Data protection and information security in biomedical research: A sequential explanatory mixed study

Abstract

Purpose

Biomedical research is a pillar of every medical student’s career. When collecting data, several regulations are established to ensure the protection of individuals. Most medical students are not compliant with the guidelines, and this is probably due to a lack of knowledge. The aim of our research is to evaluate the knowledge and behavior of medical students regarding these rules, then attempt to explain the results obtained.

Methods

This is a sequential explanatory mixed study including an initial quantitative section followed by an explanatory qualitative section. For the quantitative part, we administered a questionnaire based on the information security regulation and the GDPR to third- and fourth-year medical students. We evaluated their knowledge and behaviors and their correlation. For the qualitative part, we conducted semi-structured interviews with eight students followed by thematic analysis to explain the results.

Results

Most students have a lack of knowledge.
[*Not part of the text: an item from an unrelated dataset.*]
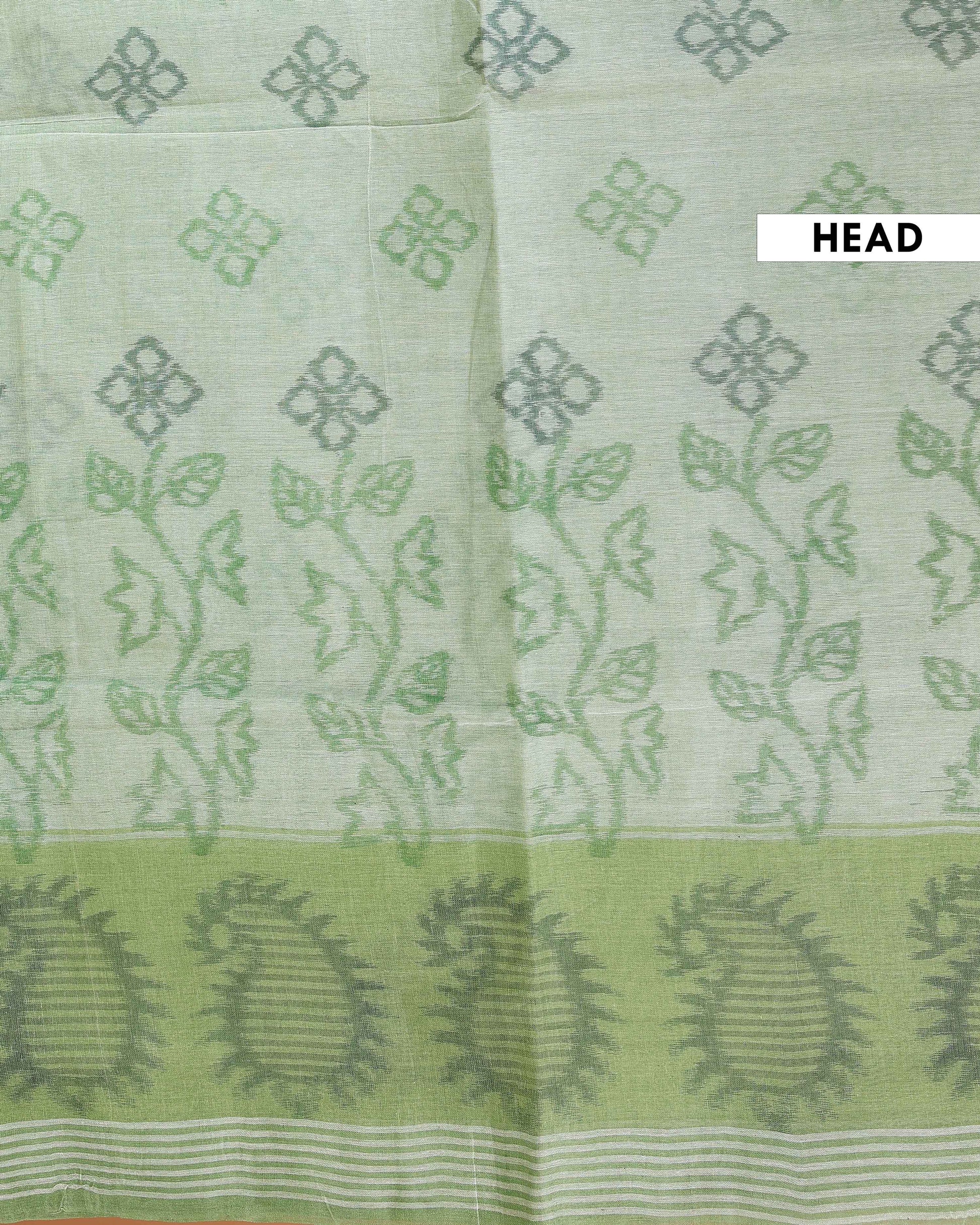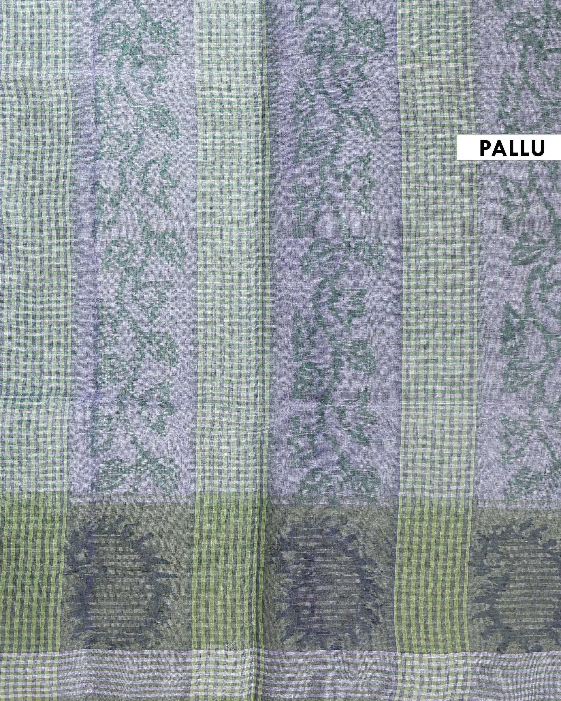 Handloom Bengal Cotton Saree with Woven Buta and Jamdani Border - Green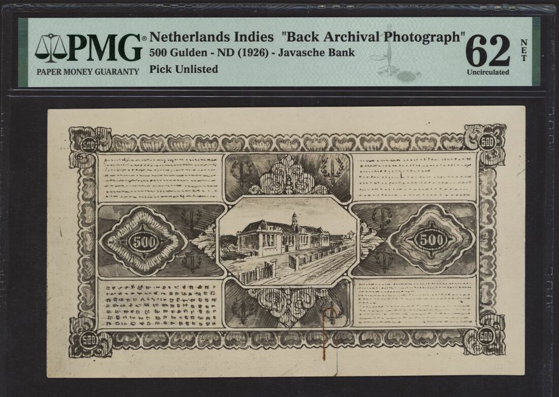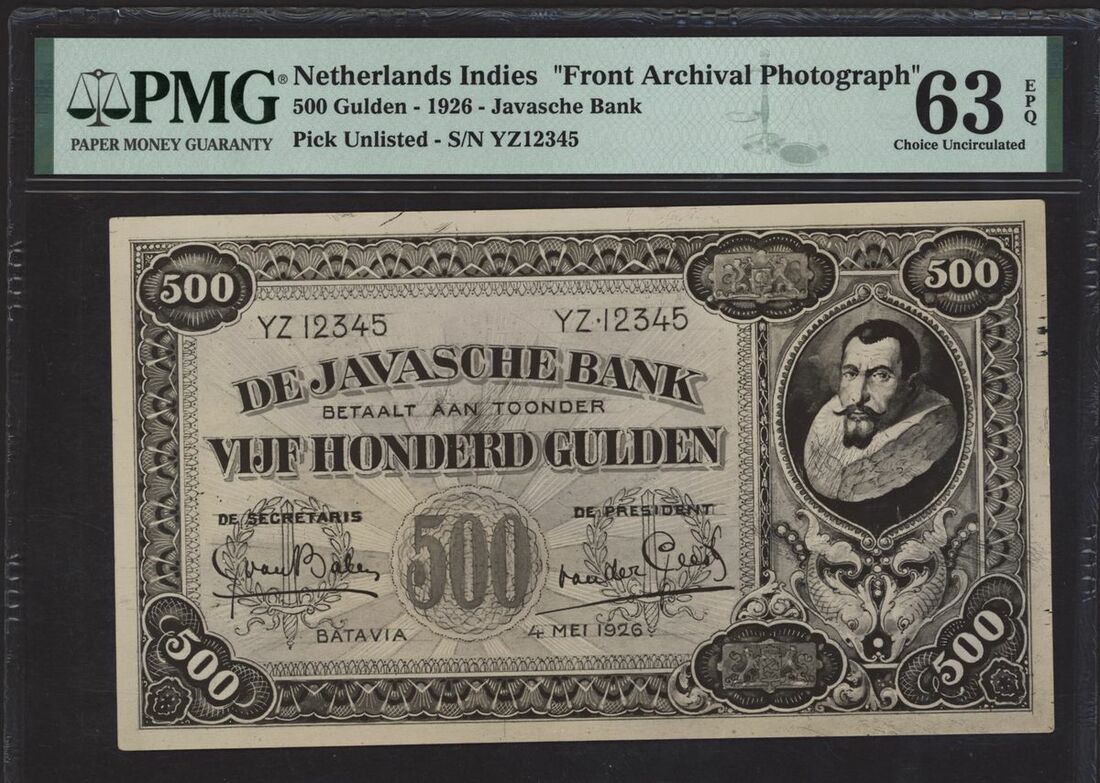 (x) Javasche Bank, Netherlands Indies, pair of front and back archival photographs 500 gulden, 1926, serial number YZ12345, (Pick unlisted), in PMG holders 63 EPQ Choice Uncirculated, 62 NET Uncirculated, rust

A correlation was found between the non-compliant behavior of keeping the laptop unattended in a public place and a low level of knowledge. For the qualitative section, the thematic analysis represents three groups to explain non-compliant behavior: lack of knowledge, work overload, and consideration of the hospital as a safe place.

Conclusion

Data collection and information security rules are rarely followed by medical students. This is mainly due to lack of knowledge, work overload and assuming the hospital as a safe place. Future awareness interventions would be necessary to improve non-compliant behavior and subsequently ensure a more secure environment during medical research.